## Activity
Copy word for word the lines in the records below, starting at the line with "Ніжність квітів і" and ending at the line with "Son casi las". Skip the pictures.

## Task inputs

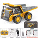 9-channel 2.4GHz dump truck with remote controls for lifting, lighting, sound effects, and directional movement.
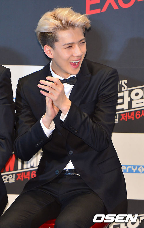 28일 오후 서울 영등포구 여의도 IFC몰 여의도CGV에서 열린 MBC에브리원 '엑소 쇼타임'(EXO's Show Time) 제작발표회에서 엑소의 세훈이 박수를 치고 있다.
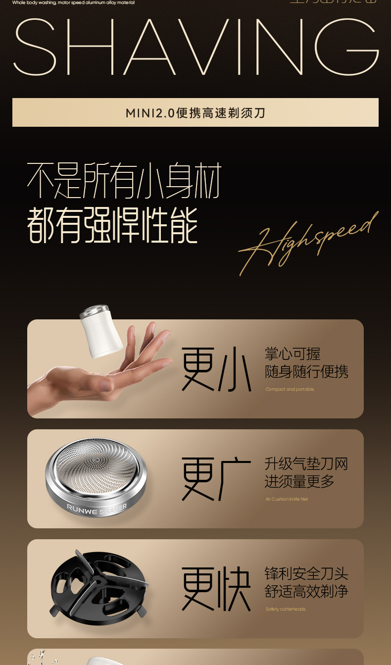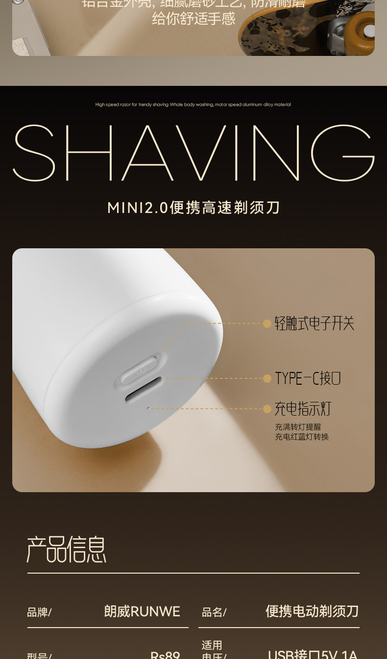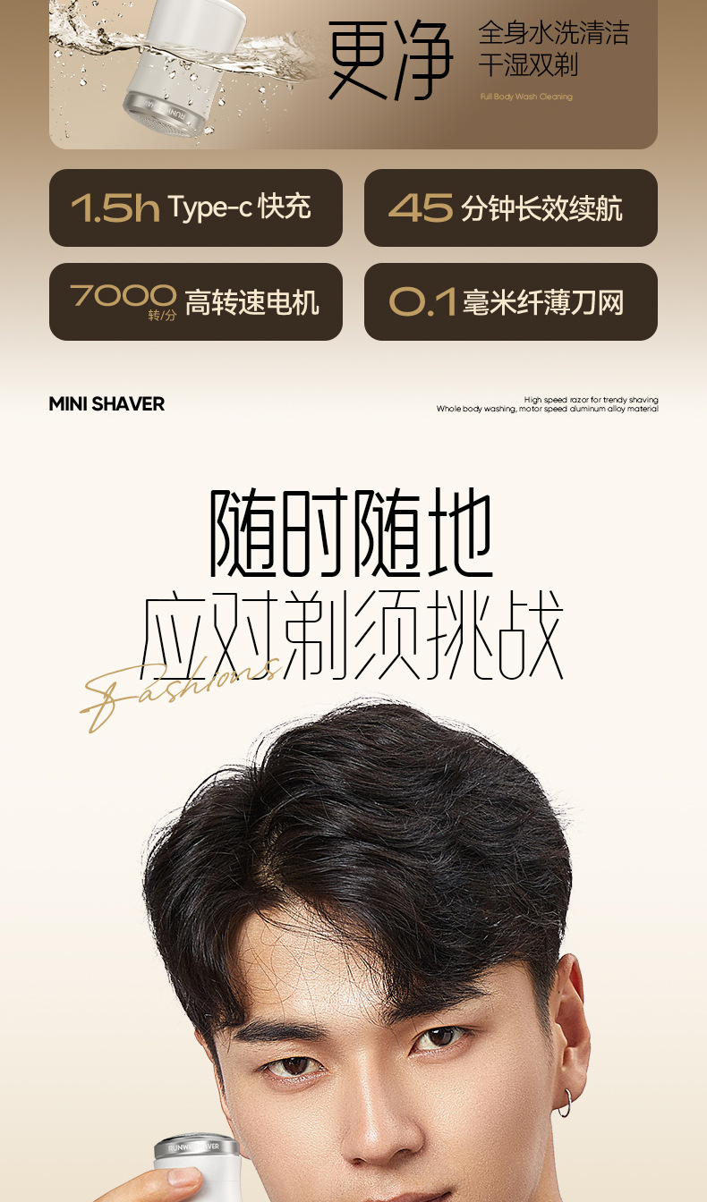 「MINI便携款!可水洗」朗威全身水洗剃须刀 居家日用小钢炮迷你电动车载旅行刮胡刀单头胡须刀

--

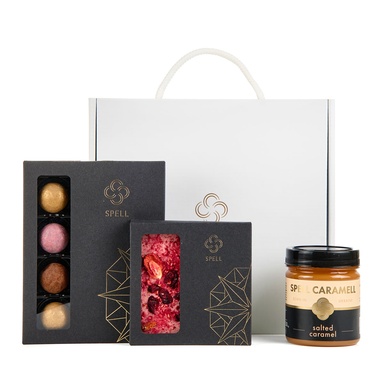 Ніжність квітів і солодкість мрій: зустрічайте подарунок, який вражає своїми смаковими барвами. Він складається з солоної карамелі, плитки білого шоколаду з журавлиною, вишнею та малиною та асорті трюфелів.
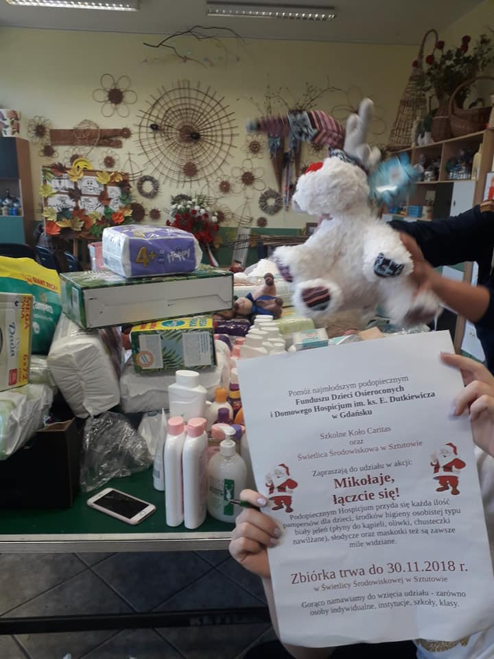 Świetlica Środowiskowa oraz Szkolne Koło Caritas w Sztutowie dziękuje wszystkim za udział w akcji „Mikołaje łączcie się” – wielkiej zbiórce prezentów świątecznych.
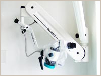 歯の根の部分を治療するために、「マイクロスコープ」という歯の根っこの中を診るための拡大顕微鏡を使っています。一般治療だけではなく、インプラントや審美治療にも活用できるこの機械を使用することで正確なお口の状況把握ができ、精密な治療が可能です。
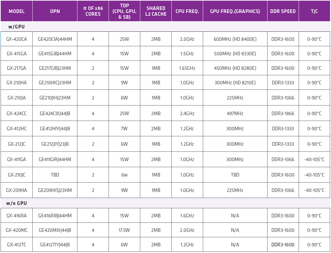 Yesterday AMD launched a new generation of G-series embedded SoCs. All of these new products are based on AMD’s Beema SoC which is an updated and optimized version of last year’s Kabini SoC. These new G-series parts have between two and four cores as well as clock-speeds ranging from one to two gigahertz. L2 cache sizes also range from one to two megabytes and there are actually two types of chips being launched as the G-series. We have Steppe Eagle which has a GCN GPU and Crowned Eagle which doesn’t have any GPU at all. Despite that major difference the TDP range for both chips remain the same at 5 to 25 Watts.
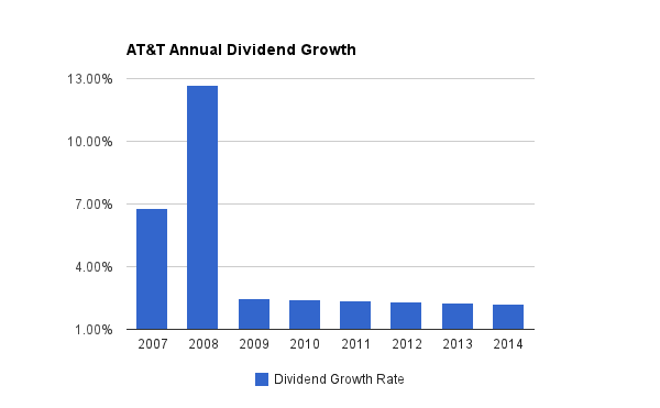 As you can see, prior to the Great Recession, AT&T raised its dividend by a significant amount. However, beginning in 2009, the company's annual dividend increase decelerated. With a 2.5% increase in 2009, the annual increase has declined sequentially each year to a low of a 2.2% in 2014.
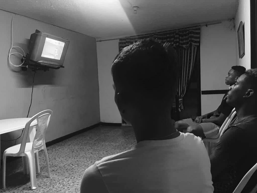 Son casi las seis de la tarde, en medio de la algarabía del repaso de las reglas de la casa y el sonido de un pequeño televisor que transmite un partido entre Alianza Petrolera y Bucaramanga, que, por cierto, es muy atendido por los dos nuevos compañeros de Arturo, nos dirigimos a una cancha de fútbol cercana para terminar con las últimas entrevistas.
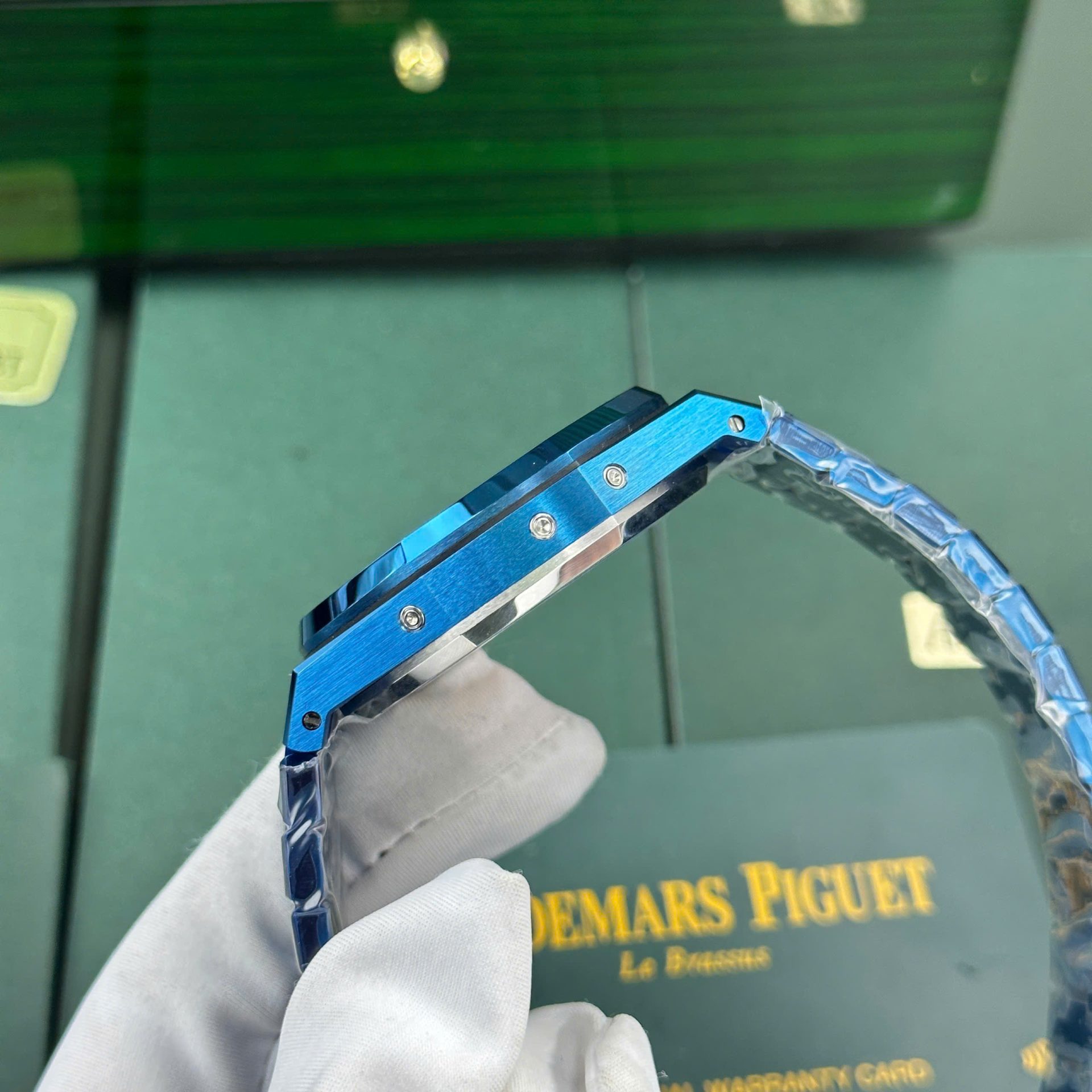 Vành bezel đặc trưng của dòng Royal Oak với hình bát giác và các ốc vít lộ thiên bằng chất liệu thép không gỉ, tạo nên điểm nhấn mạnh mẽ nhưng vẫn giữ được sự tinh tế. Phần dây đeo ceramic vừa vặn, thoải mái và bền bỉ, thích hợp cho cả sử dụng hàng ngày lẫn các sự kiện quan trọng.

* * *

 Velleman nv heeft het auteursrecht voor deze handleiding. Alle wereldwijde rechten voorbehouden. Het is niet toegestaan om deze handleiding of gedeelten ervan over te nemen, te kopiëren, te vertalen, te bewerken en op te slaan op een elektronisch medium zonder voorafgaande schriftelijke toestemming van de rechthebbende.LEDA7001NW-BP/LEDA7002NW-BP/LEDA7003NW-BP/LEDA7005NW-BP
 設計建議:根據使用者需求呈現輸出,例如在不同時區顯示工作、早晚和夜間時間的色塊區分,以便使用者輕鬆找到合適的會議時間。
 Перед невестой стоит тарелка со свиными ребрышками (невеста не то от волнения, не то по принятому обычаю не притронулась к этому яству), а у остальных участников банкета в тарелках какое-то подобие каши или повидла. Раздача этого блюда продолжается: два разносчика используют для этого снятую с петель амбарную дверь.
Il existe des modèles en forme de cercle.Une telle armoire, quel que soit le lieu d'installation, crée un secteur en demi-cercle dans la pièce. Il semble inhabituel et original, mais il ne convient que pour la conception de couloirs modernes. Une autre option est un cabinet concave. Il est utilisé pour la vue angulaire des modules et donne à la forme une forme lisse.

## Written response
 Ніжність квітів і солодкість мрій: зустрічайте подарунок, який вражає своїми смаковими барвами. Він складається з солоної карамелі, плитки білого шоколаду з журавлиною, вишнею та малиною та асорті трюфелів.
 Świetlica Środowiskowa oraz Szkolne Koło Caritas w Sztutowie dziękuje wszystkim za udział w akcji „Mikołaje łączcie się” – wielkiej zbiórce prezentów świątecznych.
 歯の根の部分を治療するために、「マイクロスコープ」という歯の根っこの中を診るための拡大顕微鏡を使っています。一般治療だけではなく、インプラントや審美治療にも活用できるこの機械を使用することで正確なお口の状況把握ができ、精密な治療が可能です。
 Yesterday AMD launched a new generation of G-series embedded SoCs. All of these new products are based on AMD’s Beema SoC which is an updated and optimized version of last year’s Kabini SoC. These new G-series parts have between two and four cores as well as clock-speeds ranging from one to two gigahertz. L2 cache sizes also range from one to two megabytes and there are actually two types of chips being launched as the G-series. We have Steppe Eagle which has a GCN GPU and Crowned Eagle which doesn’t have any GPU at all. Despite that major difference the TDP range for both chips remain the same at 5 to 25 Watts.
 As you can see, prior to the Great Recession, AT&T raised its dividend by a significant amount. However, beginning in 2009, the company's annual dividend increase decelerated. With a 2.5% increase in 2009, the annual increase has declined sequentially each year to a low of a 2.2% in 2014.
 Son casi las seis de la tarde, en medio de la algarabía del repaso de las reglas de la casa y el sonido de un pequeño televisor que transmite un partido entre Alianza Petrolera y Bucaramanga, que, por cierto, es muy atendido por los dos nuevos compañeros de Arturo, nos dirigimos a una cancha de fútbol cercana para terminar con las últimas entrevistas.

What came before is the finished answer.